Sustainable investing – the investment approach of ’doing well by doing good’ – is gaining ground in Asia, according to our first ever study on how the region’s affluent consumers feel about impact investing.
Our research reveals that affluent and high-net-worth investors in Singapore, Hong Kong, China and India plan to increase the proportion of sustainable investments in their portfolios to an average of 19 per cent in three years (from 17 per cent currently), with Chinese investors leading the way with an expected allocation of 23 per cent by 2021.
Yet despite this growing appetite, the findings indicate a significant knowledge gap among the respondents on what sustainable investing is. Despite a staggering 86 per cent of them saying they are currently engaged in sustainable investments, only 16 per cent can provide even a partially accurate definition, demonstrating that they have a limited understanding of what it entails and the returns and impact it can achieve.
Who are Asia’s sustainable investors?
70 per cent of respondents in our research are ‘value seekers’, essentially investors who do not have a broad knowledge of sustainable the investment approach, whose interest is profit-driven and who expect their sustainable investments returns to be higher than mainstream opportunities (see table below).
While millennials are typically associated with leading the charge in the sustainable investing trend in Asia, our study reveals that mature investors – those aged 34-49 (generation X) – are joining the cause. A group of respondents whom we call the ‘altruistic investor’ – primarily made up of generation X – are more willing to accept a financial trade-off between doing good and generating returns.
"Sustainable investing in Asia may be in its early days, but investor interest is clearly growing"

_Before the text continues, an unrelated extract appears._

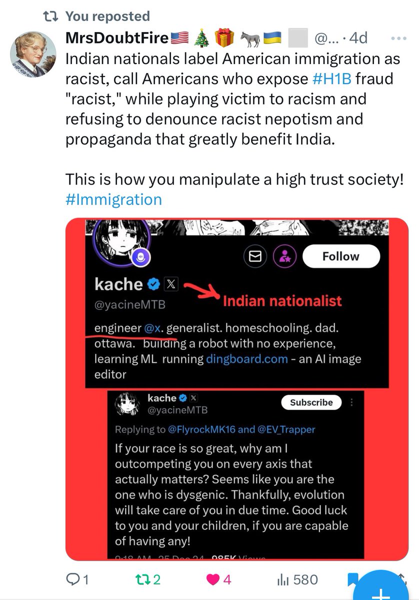 இது, அமெரிக்காவில் வாழும் இந்தியர்களை (பெரும்பாலும் பார்ப்பனர்கள் / பார்ப்பன அடிமைகளை) அச்சத்துக்கு உள்ளாக்கியுள்ளது.
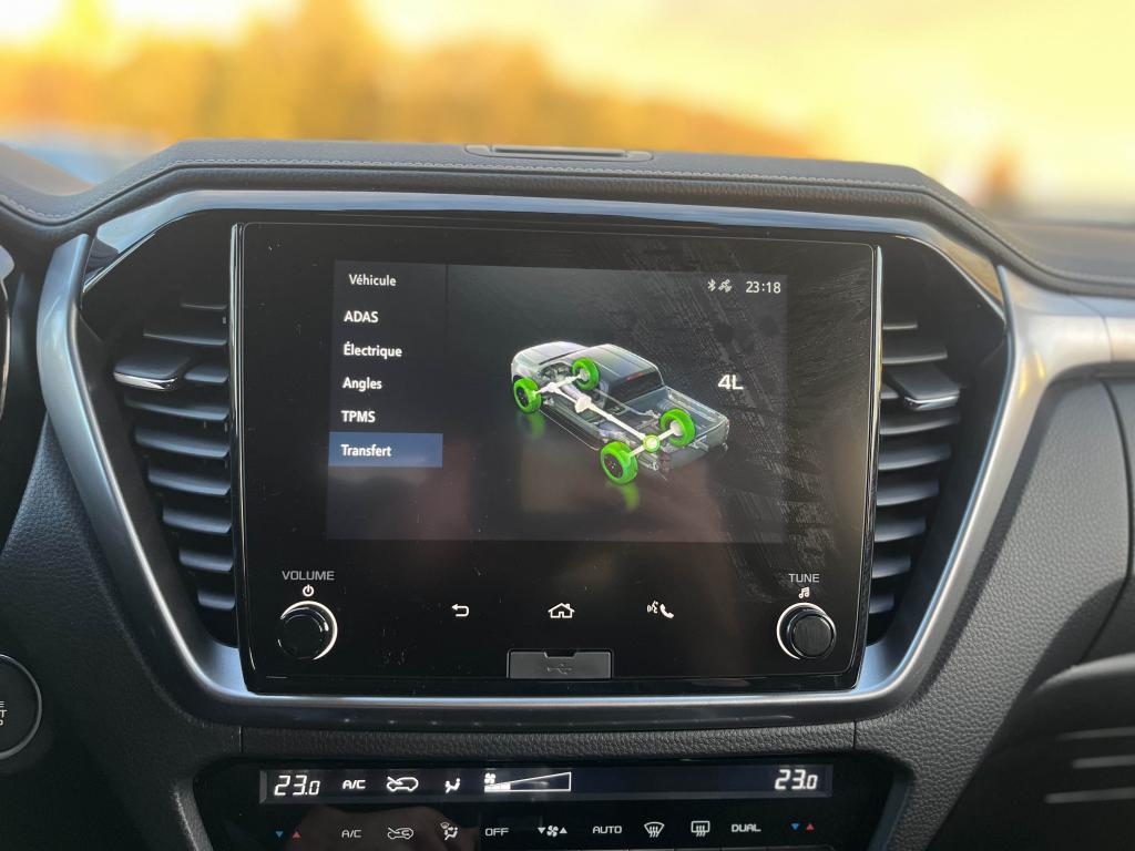 8 AirbagsAide au démarrage en côte (HAC)Aide au stationnement avant/arrièreAlarme antivolAlerte et prévention de franchissement de ligneAllumage automatique des feux de route (AHB)Allumage automatique des projecteursAndroid Auto et Apple Carplay sans filAppel d'urgence - EcallAssistance au virage en carrefour (ITA)Assistant de conduite en embouteillageAssistant de vitesse intelligent (ISA)Blocage de différentiel mécanique arrièreBluetoothBouton de frein à main chroméCalandre avant bicolor gris foncé métallisé/chroméCaméra de reculCarte et navigationClimatisation automatique bi-zoneCombiné des instruments avec enjoliveursCommandes au volantCompteur numérique 7’’Contrôle électronique de stabilité (ESC)Contrôle de traction électronique (TCS)Désactivation de l'airbag du passager avantDétecteur de fatigueDirection assistée électriqueEclairage d'accompagnement "Follow me Home"Ecran tactile 8''Essuie-glace à déclenchement automatiqueFermeture automatique des portesFeux antibrouillard arrièreFinition boutons de lève-vitre chromé satinéFinitions intérieures Design Origami MiuraFreinage d'urgence autonome (AEB)Freinage d’urgence en marche arrièreGicleur lave-glace sur support balaisGrille d'aération ARHaut-parleurs dans les portes avantHaut-parleurs plafonniersJantes alliage 18" MachiningLevier de vitesse en cuir avec enjoliveurLimiteur de vitesse intelligentLimiteur de vitesse manuelLimiteur de vitesse réglable (60-180 km/h)LKAS (système d'assistance au maintien dans la voie de circulation)Lunette arrière dégivranteMaintien dans la voie d'urgence (ELK)Marchepieds couleur argentMirrorLink et MiracastMolette 4x4 noir brillant avec enjoliveur chroméOrdinateur de bord couleur 7''Pare-brise athermiquePare-chocs arrière intégré et couleur carrosseriePare-chocs avant couleur carrosseriePhares arrière LED Dual SonicPhares Bi-LEDPoignée d'accès cabinePoignée de hayon avec serrure chroméPoignées de portes chroméesPrise AUXPrise USB-CProjecteurs antibrouillard à LEDRéception radio numérique DAB+Réduction d'accélération involotaire (MAM)Réglage des lombaires du côté conducteurRégulateur de vitesse adaptatif intelligent (i-ACC)Rétroviseur extérieurs rabattables électriquementRétroviseurs électriques chauffantsRétroviseurs extérieurs électriquesRétroviseurs extérieurs avec rappel de clignotantRétroviseurs extérieurs bi-color chromé/noirRough Terrain System (Le system de gestion du terrain)Siège conducteur à réglages électriques 8 directionsSièges avant chauffantsSièges en cuir E-TechSignal de freinage d’urgenceSystème antiblocage des roues (ABS)Système anticollisions RBS (Radar Brake System)Système d'éclairage de bienvenueSystème d'alerte de circulation transversale arrière (RCTA)Système d'avertissement anticollision frontaleSystème de contrôle de la descente (HDC)Système de démarrage avec clé à proximitéSystème de détection d'angle mortSystème de reconnaissance des panneaux de signalisation TSR (Traffic Sign recognition)Système Stop & StartTableau de bord Deluxe avec espace de rangement centrale et coutures à bueTweetersVerrouillage à distanceVolant en cuir avec enjoliveurVolant réglable en hauteur et en profondeurWi-Fi intégré

Asia’s sustainable investors – who they are and what motivates them
|Type of investor||Demographic||Level of engagement||Motivations|
|Altruistic investor||Gen X (age 35-49), predominantly male||Understand and are engaged||
|Value seeker||Millennials (age 20-34), predominantly female||Engaged in but unable to correctly define||
|Unengaged||Boomers (age 50 and above)||Not currently engaged due to lack of information and perceived lower returns and high risk involved|
The main difference between the two generations of investors is that the millennials tend to be savvier in understanding that they do not always need to sacrifice their economic gains to make a positive impact.
“We believe that [this difference between generations of investors] will be a key differentiator in further developing the ecosystem, as well as moving sustainable investing into the mainstream,” says Vic Malik, our Head of Investment Advisory for Private Banking ASEAN & South Asia and Global South Asian Community.
What is sustainable investing?
Some call it impact investment, while others refer to it as socially responsible investing or values-based investing. So what exactly is sustainable investing?
“There are many faces to sustainable investing, depending on what an investor prefers to focus on when identifying an opportunity to pursue,” says Malik. “Broadly speaking, we define sustainable investment as investing capital in businesses, funds or other financial vehicles that actively seek to generate social and/or environmental benefits and financial returns,” he adds.
What’s next for sustainable investing in Asia?
“Sustainable investing in Asia may be in its early days, but investor interest is clearly growing,” says Malik.
Bridging the knowledge gap by educating investors on the available opportunities and the impact their investment dollars can have beyond financial gains, and how it doesn’t mean sacrificing investment returns, is the most pressing agenda, says Didier von Daeniken, our Global Head, Private Banking and Wealth Management. “Imagine being able to use your investment dollars to make a positive impact on society and the environment, while at the same time enjoy market-competitive returns.”